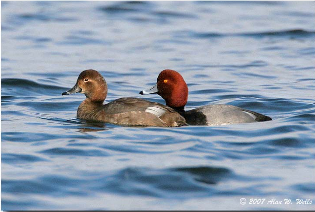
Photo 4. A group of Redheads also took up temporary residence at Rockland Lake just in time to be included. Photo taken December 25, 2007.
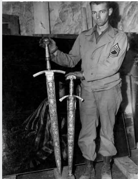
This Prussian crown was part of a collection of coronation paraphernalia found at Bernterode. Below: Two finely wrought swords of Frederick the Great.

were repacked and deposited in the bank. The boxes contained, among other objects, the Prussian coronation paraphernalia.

* * *

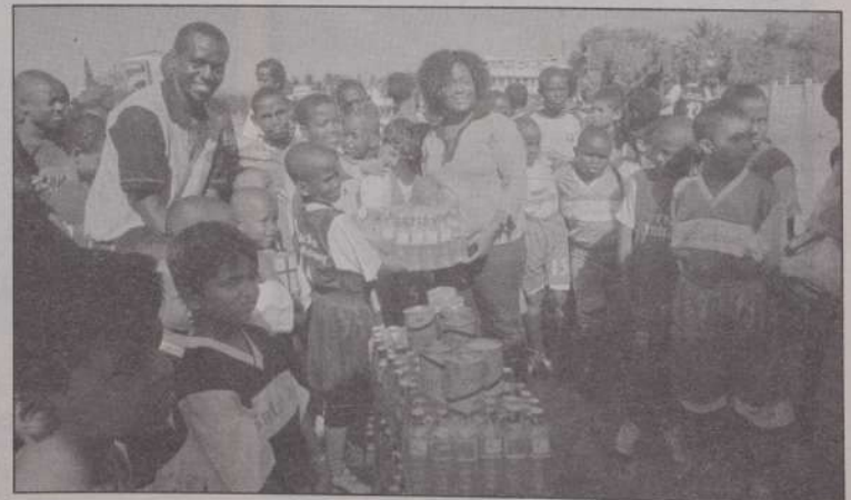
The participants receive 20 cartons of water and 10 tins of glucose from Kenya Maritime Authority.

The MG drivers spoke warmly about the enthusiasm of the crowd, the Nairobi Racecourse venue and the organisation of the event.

#### EXERCISE PROMPT
In the material above, which lines fall between the one holding "Photo 4. A group" and the one holding "were repacked and", inclusive? Print exactly those, with the pictures left out.

#### REPLY TO THE EXERCISE
Photo 4. A group of Redheads also took up temporary residence at Rockland Lake just in time to be included. Photo taken December 25, 2007.
This Prussian crown was part of a collection of coronation paraphernalia found at Bernterode. Below: Two finely wrought swords of Frederick the Great.

were repacked and deposited in the bank. The boxes contained, among other objects, the Prussian coronation paraphernalia.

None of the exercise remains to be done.